The experiment goal is the find the relationship between **Human Infulence and World Climate Change**. 

Nowadays, world climate change has been one of the most important issues that many people are concerned about. For instance, we now use paper straw. Some say that **plastic has a close relationship with global warming** because its usage leads to carbon emission. Also, there is much research on-going about the negative effects of using plastic straws. Therefore many cafes and restaurants most well known Starbucks are suggesting to use paper straws instead of plastic.

Thus, we were curious whether these kinds of movements affect the environment? 

Before the data analysis, we will start from the skeptical statement which using recyclable products would not impact much on the environment. As far as we know there are many moves to protect the environment but the global temperature is still rising every year and nothing has changed. 

Through our project, we will look for **significant global temperature changes over time**. In addition, we will show research on environmental issues that occurred at specific time got from the data analysis. 

### Data exploration

The data contains the average daily temperature of the U.S. cities and the global nations starting from the year 1950s to the 2020s created by the University of Dayton. Source data for this site are from the National Climatic Data Center. The data is available for research and non-commercial purposes only.

[Average Daily Temperature Archive](https://academic.udayton.edu/kissock/http/Weather/default.htm)

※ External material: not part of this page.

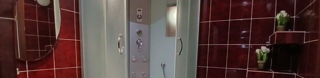 С душевой кабиной, раковина, унитаз.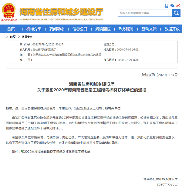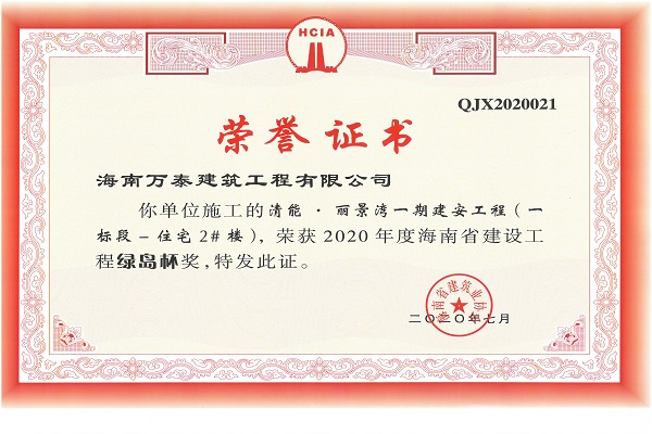 海南省建設(shè)工程“綠島杯”代表著海南省工程建設(shè)的最高質(zhì)量水平。海南萬(wàn)泰公司獲得此項(xiàng)榮譽(yù),不僅是對(duì)“清能·麗景灣一期建安工程(一標(biāo)段—住宅2#樓)質(zhì)量的肯定,也是對(duì)海南萬(wàn)泰公司管理水平的肯定。

First we will start with the U.S. cities. The format of the data is simple a text file with the structure of the time series but the real problem is how to join all the files into one dataframe? To solve this question we will use glob method to read all the filenames then concatenate into one dataframe using for loop. 

In [7]:
filenames = glob.glob(os.path.join(os.getcwd(), "/Users/wook/Documents/Github/UC-DAVIS/STA141B/us", "*.txt"))
dataframes = []

df = pd.concat([pd.read_csv(fp,sep ='\s+',header=None).assign(City = os.path.basename(fp).split('.')[0])
   for fp in filenames
])
df=df.rename(columns={0:'Month',1:'Day',2:'Year',3:'Temp'})
df

Unnamed: 0,Month,Day,Year,Temp,City
0,1,1,1995,33.6,TXWICHFA
1,1,2,1995,32.1,TXWICHFA
2,1,3,1995,34.0,TXWICHFA
3,1,4,1995,27.2,TXWICHFA
4,1,5,1995,29.2,TXWICHFA
...,...,...,...,...,...
9260,5,9,2020,52.4,TNCHATTA
9261,5,10,2020,55.0,TNCHATTA
9262,5,11,2020,58.8,TNCHATTA
9263,5,12,2020,55.8,TNCHATTA


Occasionally, problems with weather station metering equipment result in missing average daily temperatures.  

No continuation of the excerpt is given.